§ DESCRIPTION OF THE TASK
Exactly and only the lines below from the one containing "下跌趋势2018-09-21-2019-01-07,均线120, 35, 60确认关键阻力2处" down to the one containing "ビオラプラス ❤︎きまぐれロージー❤︎ 咲き進むと花色が変化していくビオラ𓂃" are wanted, both included; please exclude every picture.

§ MATERIAL SHOWN
________________________
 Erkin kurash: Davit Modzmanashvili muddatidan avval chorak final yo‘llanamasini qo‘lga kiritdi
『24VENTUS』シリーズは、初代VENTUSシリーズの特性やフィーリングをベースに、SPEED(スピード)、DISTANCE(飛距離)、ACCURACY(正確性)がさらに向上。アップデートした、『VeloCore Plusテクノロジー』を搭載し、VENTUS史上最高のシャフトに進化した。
________________________
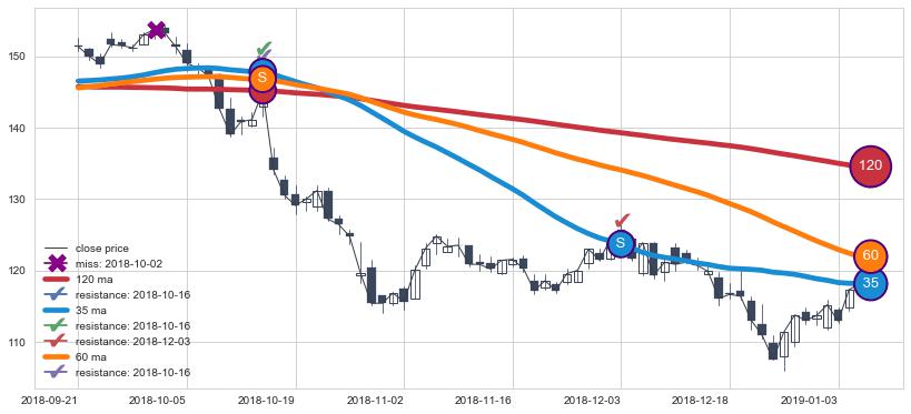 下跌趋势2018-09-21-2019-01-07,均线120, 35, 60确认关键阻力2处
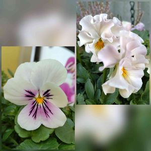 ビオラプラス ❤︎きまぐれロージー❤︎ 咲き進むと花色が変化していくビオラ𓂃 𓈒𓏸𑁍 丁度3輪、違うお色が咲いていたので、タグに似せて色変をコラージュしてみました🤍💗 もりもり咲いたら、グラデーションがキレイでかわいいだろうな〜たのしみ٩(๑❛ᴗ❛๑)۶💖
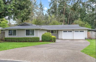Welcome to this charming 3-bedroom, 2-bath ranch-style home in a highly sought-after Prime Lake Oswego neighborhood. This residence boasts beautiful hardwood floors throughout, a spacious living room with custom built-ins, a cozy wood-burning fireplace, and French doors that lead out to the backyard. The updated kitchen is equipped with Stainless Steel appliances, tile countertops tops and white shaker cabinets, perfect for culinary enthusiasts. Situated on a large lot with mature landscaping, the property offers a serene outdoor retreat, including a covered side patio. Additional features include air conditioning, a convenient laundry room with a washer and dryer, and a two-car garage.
________________________
§ WRITTEN SOLUTION
 下跌趋势2018-09-21-2019-01-07,均线120, 35, 60确认关键阻力2处
 ビオラプラス ❤︎きまぐれロージー❤︎ 咲き進むと花色が変化していくビオラ𓂃 𓈒𓏸𑁍 丁度3輪、違うお色が咲いていたので、タグに似せて色変をコラージュしてみました🤍💗 もりもり咲いたら、グラデーションがキレイでかわいいだろうな〜たのしみ٩(๑❛ᴗ❛๑)۶💖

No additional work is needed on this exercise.